The prognosis of childhood acute lymphoblastic leukemia (ALL) has improved over the last decades because of permanent refinement of treatment in clinical trials. Nevertheless, 15% of the patients suffer from relapse1 making relapsed ALL a leading cause of cancer-related death in pediatrics.2 Relapses in patients with favorable cytogenetics such as TEL-AML1 are particularly devastating to patients and physicians as they often occur long after termination of therapy and are unpredictable.3 Unlike in other hematological malignancies, targeted approaches aiming to increase therapy specificity are limited. These findings emphasize the need for new diagnostic and therapeutic strategies further improving long-term outcomes.

Several preclinical studies have shown that p38 inhibition abrogates stroma-dependent pro-proliferative signals4,5 in multiple myeloma, which is also a B-cell malignancy. ALL cells rely on niche-dependent growth signals as well, which may explain why culturing primary ALL samples in vitro is difficult.6 It has, for instance, been demonstrated that the production of pro-proliferative cytokines in co-cultures of ALL cells with bone marrow mesenchymal stromal cells, such as C-X-C motif ligand 12, interleukin-6, vascular endothelial growth factor and platelet-derived growth factor, is p38 dependent.7 However, these stromal cells are often immortalized, which questions whether observations from co-culture models indeed reflect the in vivo situation.

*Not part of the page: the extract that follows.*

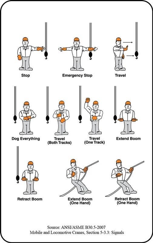 • Clearly demonstrates proper hand gestures for directing mobile cranes

The p38 family of mitogen-activated protein kinases (MAPKs) consists of four isoforms (α, β, γ, δ) with partly redundant functions. P38 MAPKs are induced by stress insults and inflammatory cytokines8 and regulate downstream pathways involved in cell proliferation and survival. Two major groups of targets are activated by p38: transcription factors, such as p53 and ATF-2, and protein kinases, such as MAPK-activated protein kinase 2 (MAPKAPK2), which leads to the phosphorylation of heat-shock protein Hsp27 during stress responses.8 In normal hematopoiesis, p38 has been associated with growth-inhibitory signals.9 In addition, p38α has been shown to regulate dormancy in experimental head and neck cancer models via an activation of transcription factors accounting for specific cellular functions.10,11 In lymphoid cells and in ALL, p38α/β has been shown to upregulate pro-apoptotic Bim in response to glucocorticoid therapy.12,13 Similarly, in myelodysplastic syndromes, apoptosis of hematopoietic progenitors was p38-dependent and p38 inhibition induced the differentiation of these cells.14 Last, p38 has been implicated in acting downstream of CXCR4 thereby regulating the homing of ALL cells to the bone marrow.15,16

Here, we show that p38α/β is cyclically phosphorylated during initiation of ALL cell growth in vitro and that it remains activated during log-phase of cell growth. We also provide evidence that p38α/β phosphorylation is associated with proliferation and survival in vivo. Targeting p38α/β signaling by different approaches prolongs survival of mice xenografted with ALL cells. TEL-AML1-positive pediatric patients with activated p38α/β signaling in xenografts suffer from late relapses, suggesting a pro-survival role in residual cells. Our data provide a rationale for p38α/β inhibition as a targeted therapy for ALL, which could be further evaluated in patients with activated p38α/β signaling.

MATERIALS AND METHODS

Detailed information is given in Supplementary Methods.

Ethics statement

Studies in avian embryonal xenografts and animal studies were approved by the institutional ethics committee and the local government.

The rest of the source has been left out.